Amy Lemons and I, as models, traveled in different circles of photographers, magazines and runway shows. We eventually crossed paths on the subway during NY fashion week. She looked so young. How could this child be the same person on billboards and magazine covers? Were her parents in town? Where was she staying? Did she feel safe traveling alone?
Our schedules for the next few hours were the same so we decided to travel the city together. Durning those few hours I found out about her childhood and how she got into modeling. I found out what steps her parents were taking to protect her. ”But,” she said, looking at me with a knowing smile, “there’s nothing they can do to really protect you from this fashion world once you’re in it.” That comment stuck with me for years.
Amy and I reconnected a few years ago in Malibu. Both of us were no longer modeling full time. She was enrolling at UCLA and I was involved in product development ventures. We openly exchanged stories about what happened to us and how the modeling experience affected us.
The thought occurred to me, there’s a real need for other model’s to hear these stories, isn’t there? If I had known that I wasn’t the only one experiencing the pressures of the modeling world alone, perhaps I would have transitioned from and integrated the experience a little easier.
Perhaps, but then, would I have listened or would I have just rolled my eyes and moved onto the next job? For so many models, the hope of winning the fashion lottery is always just a job away that even those in the enviable position of having consistent, quality work will accept poor treatment and simply survive until it’s over.
For Amy, it isn’t over. Her work is beginning. For her, it begins with speaking out about what it was like for her and what change she’d like to see.
Craig Palmer, The Cultural Omnivore, and I interviewed Amy.
You have worked both as a straight sized and plus sized model. What have you learned from this experience?
I’ve learned that I’m really not a straight or a plus sized model. My size does not define me and my management recognizes that and represents me as the individual I am. That hasn’t happened to me before and it has been the best experience of my career so far. The modeling world can categorize me and I am fine with that but I represent a size in between the two worlds and there is a huge gap in that market. Why do we have to be a size two or a size 12? There are a lot of sizes in between that need representation. I think it’s important for models to know that there is a choice out there.

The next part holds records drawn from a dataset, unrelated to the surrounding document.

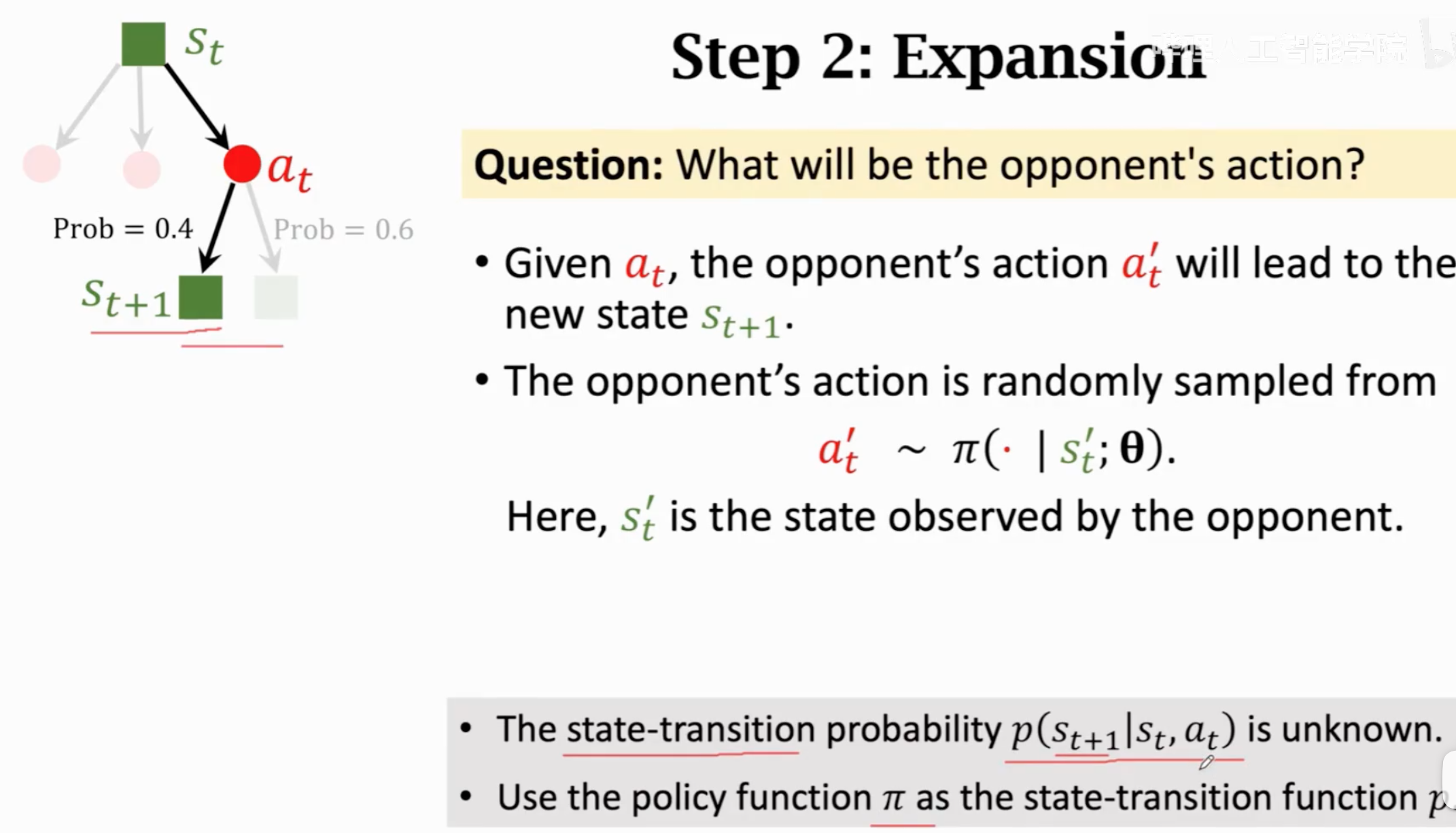 第二步是拓展,借助policy估计如果是对手的话,可能的落子是在哪里:
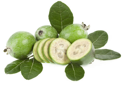 一時期ブームになったので、知っている人もいるかもしれないが、現在の日本ではめずらしいであろうトロピカルフルーツ、フェイジョア。
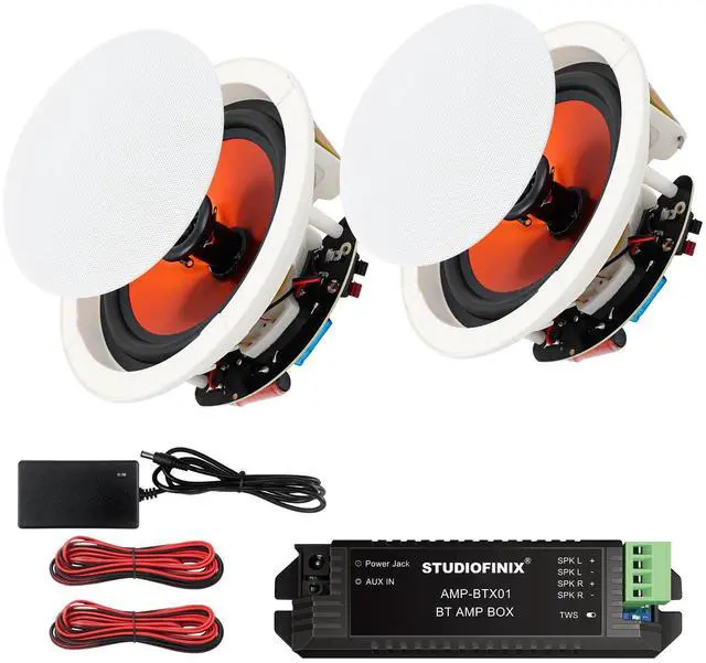 What's in the box: The total speaker diameter is 7.5 inches, with a cut-out diameter of 6.3 inches, speaker depth of 3.15 inches and a mounting depth of 3.15 inches. ceiling speakersX2, 2 channel amplifier X1, power adapter X1, 5 meters speaker wire X1
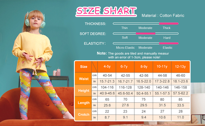 • 【RECOMMENDED SIZE】: These girls' leggings are available in ages 4-12, so you can easily choose the girl leggings that fit your child, (Size 4-5T,Size 6-7 Years,Size 8-9 Years,Size 10-11 Years, Size12-13 Years) girls active leggings:The designs are super cute and the style is trend and fashionable. which makes your kids stand out among peers.

Some people accuse the modeling industry of body fascism, others see thinness as part of the territory. On what side of the conversation do you stand and why?
I think all body types are part of the territory. A whole other world has been opened up to me in the fashion industry. My curves were embraced and no one has tried to pin me as stick thin which I will never be.
Eating disorders are endemic in the modeling industry while the majority of Americans struggle with obesity. How do you define wellness and health?
I define wellness and health by my own standard. Every body type is different and there isn’t one approach to fitness. It takes work but I have found a balance where my body should be naturally and I believe that is where a woman looks her best. It’s different for everyone. Some girls look great as a size four, like Sara Ziff, because that is where they are naturally. Some girls are a size 14 and look amazing like model Ashley Graham. I don’t feel I have to compromise myself any longer and I am being embraced by the fashion industry. That is a great feeling.
When I left for Los Angeles and went back to UCLA I found a whole new happiness and stability that I never felt before. I realized I wasn’t defined by my looks and the modeling business.
What do you think about the unobtainable images perpetuated by the media?
I think women want less illusion in their fashion images. There’s an emerging ‘let’s get real’ mentality that makes women less competitive and more supportive of each other.
How is your experience now as a model different than the beginning of your career?
I wish the Model Alliance was around when I started in the business. I wasn’t able to properly talk about my struggles and therefore they got worse. It can be very alienating. The Model Alliance brings girls together and gives them a voice. It advocates for models so they are not compromised and we asks for standard rights in the work place just like everyone else has. It is even more important when you are dealing with minors. We are also working to provide health insurance and I believe that is a great place to start.